▶ [INPUT DATA]:
------------------------------

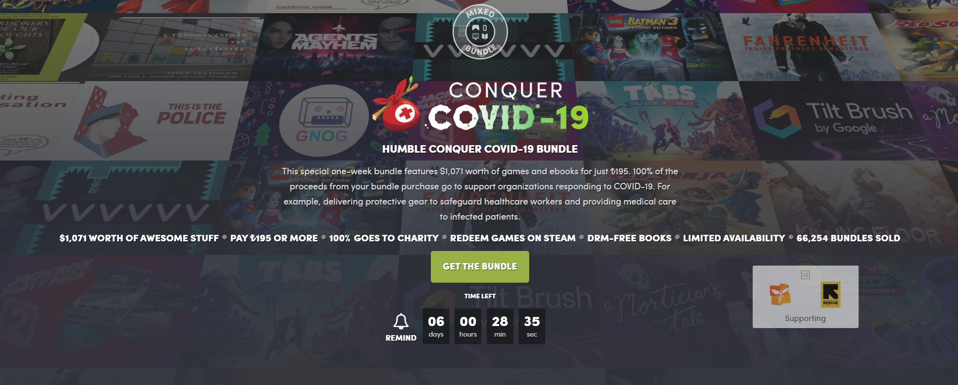 Humble Bundle Koronavirüsüne Karşı Yardım İçin Paket Satıyor Humble Bundle, koronavirüsüne karşı yardım amacıyla oyun ve kitap paketi satmaya başladı. Değeri 7000 Türk Lirasından...
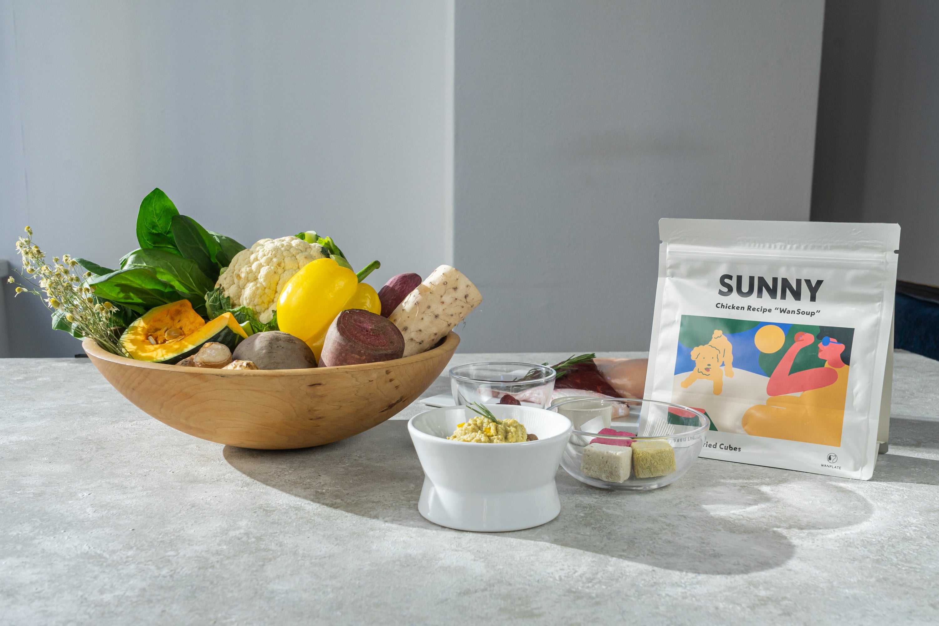 食材の色をしっかりと活かし、パートナーにも飼い主さまにも、一緒にWanSoup時間を楽しんでいただけるよう、カラフルな見た目、キューブの形にもこだわりました。
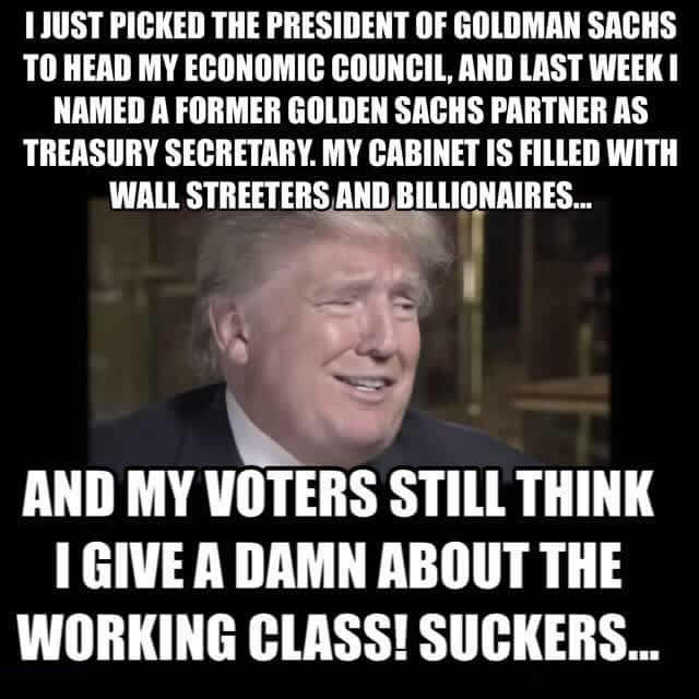 Donald Trump’s Cabinet Picks are hard line Republican Millionaires and Billionaires who don’t give a dam about average Joe Americans.

------------------------------

▶ [TASK INSTRUCTIONS]: Give back the material exactly as written, images excluded.

▶ [RESULT BELOW]:
 Humble Bundle Koronavirüsüne Karşı Yardım İçin Paket Satıyor Humble Bundle, koronavirüsüne karşı yardım amacıyla oyun ve kitap paketi satmaya başladı. Değeri 7000 Türk Lirasından...
 食材の色をしっかりと活かし、パートナーにも飼い主さまにも、一緒にWanSoup時間を楽しんでいただけるよう、カラフルな見た目、キューブの形にもこだわりました。
 Donald Trump’s Cabinet Picks are hard line Republican Millionaires and Billionaires who don’t give a dam about average Joe Americans.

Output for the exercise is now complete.